The defendants also point out that RAL agreements after 1996 included an arbitration clause. In his order of January 11,1999, Judge Zagel ruled that these arbitrations were enforceable. Carnegie argues that this decision does not preclude reconsideration of the question, because at the time of that decision, the class was represented by counsel later held by the court to be deficient, and it would be improper to enforce a ruling against the class. While I agree with this argument, I also agree with Judge Zagel’s reasoning in that order. The Seventh Circuit strongly favors enforcement of arbitration provisions, and has declined to override them even in far more adhesive circum*550stances than those surrounding the RAL transactions. See, e.g., Hill v. Gateway 2000, Inc., 105 F.3d 1147 (7th Cir.1997); Champ v. Siegel Trading Co., Inc., 55 F.3d 269 (7th Cir.1995). Contrary to Carnegie’s argument, the defendants’ involvement in settlement proceedings over the last several years does not constitute an election of legal remedies and corresponding waiver of the right to arbitrate. The class in this case excludes those RAL customers whose contracts included agreements to arbitrate disputes arising from the transaction.
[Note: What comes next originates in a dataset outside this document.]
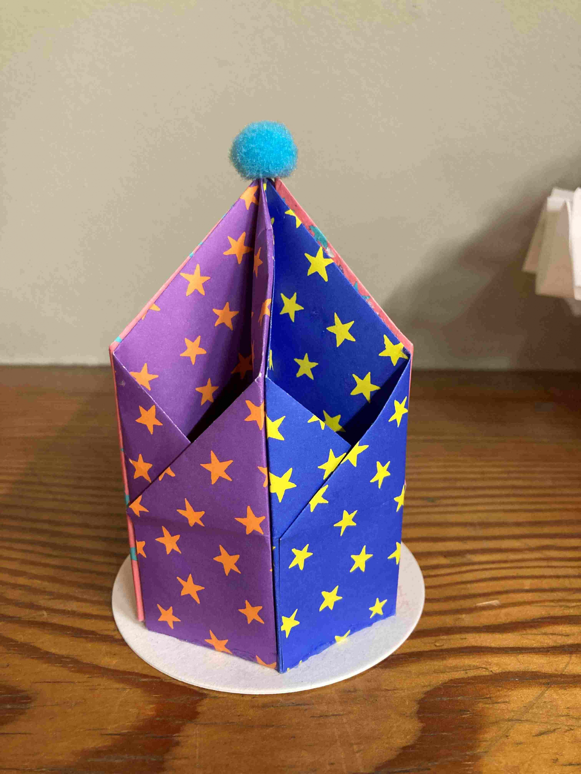 6つの三角柱を作り、それを好みの色に並べて、糊付けします。

Finally, the defendants challenge Carnegie’s ability to represent the class, alleging that the facts of her claim are atypical. In particular, they point to her lack of reliance on deceptive advertising and her failure to read the RAL application before signing it. These attributes of the plaintiffs experience are examples of the type of individual variation which necessarily distinguishes class members from one another in every class action. No two individuals’ claims will ever be identical; the question is whether the named plaintiffs claim “arises from the same event, practice, or course of conduct that gives rise to the claim of other class members and is based upon the same legal theory as other class claims.” Ringswald v. County of DuPage, 196 F.R.D. 509, 512 (N.D.Ill.2000). Carnegie’s claim meets this standard. The defendants’ arguments that Carnegie’s history provide special problems for her breach of fiduciary duty and consumer fraud claims are mooted by the decertification of those claims. Carnegie has satisfied the typicality requirement and may serve as class representative.

. In separate orders, I have dismissed Count I, alleging violations of the federal Truth in Lending Act (“TILA"), as to all of the defendants.

. Block makes a perfunctory argument that Carnegie's RICO action is time-barred. She received her RAL in February, 1995. This action was filed in 1998, well within the four-year statute of limitations. The fact that Carnegie was not then the named class representative is irrelevant.

. This is in contrast to the statute of limitations, which defendants consistently raised as a potential bar to some claims if the settlement was not approved.

. Cont'l Ins. Co. v. Rutledge & Co., 750 A.2d 1219 (Del.Ch.2000) is entirely inapposite; it concerns oral modifications of a partnership agreement. Kysor Indus. Corp. v. Margaux, Inc., 674 A.2d 889 (Del.Super.Ct.1996) enforced a unilateral contract against a party who had promised to pay a certain sum upon the occurrence of a triggering event. Abbott v. Stephany Poultry Co., 62 A.2d 243 (Del.Super.Ct.1948) states that partial performance by a promisee may bind the promisor. None of these cases suggests that a non-promisor such as Block may be bound.

. When I refer to "state-law claims,” I am referring to these four counts. While Counts VI and VII for breach of contract are also based in state law, they are subject to the Delaware choice-of-law clause in the RAL agreement, and thus do not present the manageability problems of Counts III, IV, V, and VIII.